Reckless Girls(27)
But maybe she picked up on the tone, because she steps away from Nico, sulkily folding her arms across her body.
She runs hot and cold, that girl. Brittany and I had spent the day after the almost shark attack on the Azure Sky, and Amma hadn’t joined us, hanging out on the Susannah instead. It didn’t seem to bug Brittany, but I could hear them whispering in their cabin at night, and I wondered if they’d been arguing.
Not for the first time, I’m glad Jake and Eliza are here, too. Having extra people definitely helps defuse any possible tension.
The six of us stand there on the beach, looking into the jungle. Nico and Jake each hold machetes, both of which came from the Azure Sky. It had seemed like an insane amount of macho overkill at first, but now, as I stare into the thick vegetation just a few feet from shore, it makes sense.
“So, you guys are seriously going to hack through this shit like Rambo?” Brittany asks, one hand on her hip, her eyebrows raised.
“Only way to do it, love,” Jake replies. He’s not quite as well put-together today, trading his shorts and button-downs for an old T-shirt and a baggy pair of khakis, an ancient pair of sneakers on his feet.
The machete makes a whizzing noise as Nico swings it, thwacking into a thick vine with a sound that’s both damp and meaty, making me shudder a little. “Fucking sick,” he mutters, little-boy excitement gleaming in his eyes, and Eliza laughs.
“God, you are such a dude.”
She over-enunciates, drawing out the vowel, duuuuude, and Nico laughs, too, shrugging.
“It’s fun. You wanna try?”
He hands her the machete, and she wraps her fingers around the handle, testing the weight of it before swinging. Her stroke isn’t nearly as hard as Nico’s, and the blade gets stuck in the vine she was attempting to slice.
“Bugger me,” she says, tugging, and Jake steps forward, adding his grip to hers as they pull the machete back.
“Harder than it looks, eh?”
As the blade pops out, Eliza staggers back a little, bumping her back into Jake’s chest, and he uses the opportunity to duck his head and press a kiss to her neck.
“I’m sweaty!” Eliza objects, but he only grins and kisses her again, on the cheek this time.
“We’re all sweaty,” he reminds her, then gestures up to the sun overhead, already beating down on us even though it’s barely nine in the morning. “And we’re gonna get a lot sweatier before the day is out.”
He’s not lying. Jake and Nico take turns cutting through the underbrush, and I pull at stray vines and branches with my hands, Brittany, Amma, and Eliza all doing the same. It still seems like it takes us ages to make any real progress, and I’m just about to suggest we take a break, when suddenly, the vegetation opens up a little more, and we’re in a clearing.
It’s so humid in the jungle that I feel like I can’t breathe, and the air that enters my lungs is thick and heavy. Underneath my rash guard, my skin has grown prickly and itchy, and even the backs of my knees are sweating.
But there’s something beautiful here, too. Beautiful and wild and strange.
“It’s so quiet,” Amma says. There’s a low drone of insects, and the rustling of the leaves overhead as the trees sway in the breeze, but other than that, there’s no sound, not even the waves from the beach, as if the jungle has closed around us, sealing us in.

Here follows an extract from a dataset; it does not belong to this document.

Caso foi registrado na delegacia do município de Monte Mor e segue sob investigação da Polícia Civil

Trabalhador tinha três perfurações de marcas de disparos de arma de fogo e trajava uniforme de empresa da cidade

“It’s like church,” Brittany adds, then reaches for Amma’s hand. “Like that church in Italy, remember?”
I see Amma’s throat move as she swallows, the way she squeezes Brittany’s hand, and I think back to that photo of them on Brittany’s phone. In moments like this, it’s easy to see why their friendship works even though they’re so different. Shared experiences do that to people, and I wonder if when we leave Meroe, we’ll have this kind of bond, too.
I like that idea.
Nico points up ahead with the tip of his machete. “Come on. That looks like a path.”
It is a path—not a great one, and we definitely have to do more hacking through the jungle, but it’s easier now, and after just a few minutes, the greenery clears again, leaving us in a vast open space, no trees overhead, the ocean pulsing against the shore just a few yards away.
We’ve reached the other side of the island. The surf is stronger here, the waves bigger outside the protected lagoon where we’re harbored. When I step forward, my foot catches the edge of something.
I look down and see cracked asphalt, grass and vines pushing through the black cement. “Guess this is your airstrip!” I call to Nico, and he looks around, clearly a little disappointed.
“Man,” he says, reaching back to ruffle the long hair at the back of his neck, his machete still in hand. “I thought it would be … I don’t know. Not so fucked up, I guess.”
Jake pushes his sunglasses up his nose with one finger, his other arm loosely looped around Eliza’s waist. “That’s the jungle for you, mate. Takes everything back in a flash.”
He snaps his fingers in emphasis. There’s something eerie about this part of the island, something unsettling. Maybe it’s the reminder that this place has a history, a dark history, at that. That there were other people here once, and this isn’t some paradise completely free from all the bullshit of the modern world. Or maybe it’s just how loud, how violent the sea sounds here.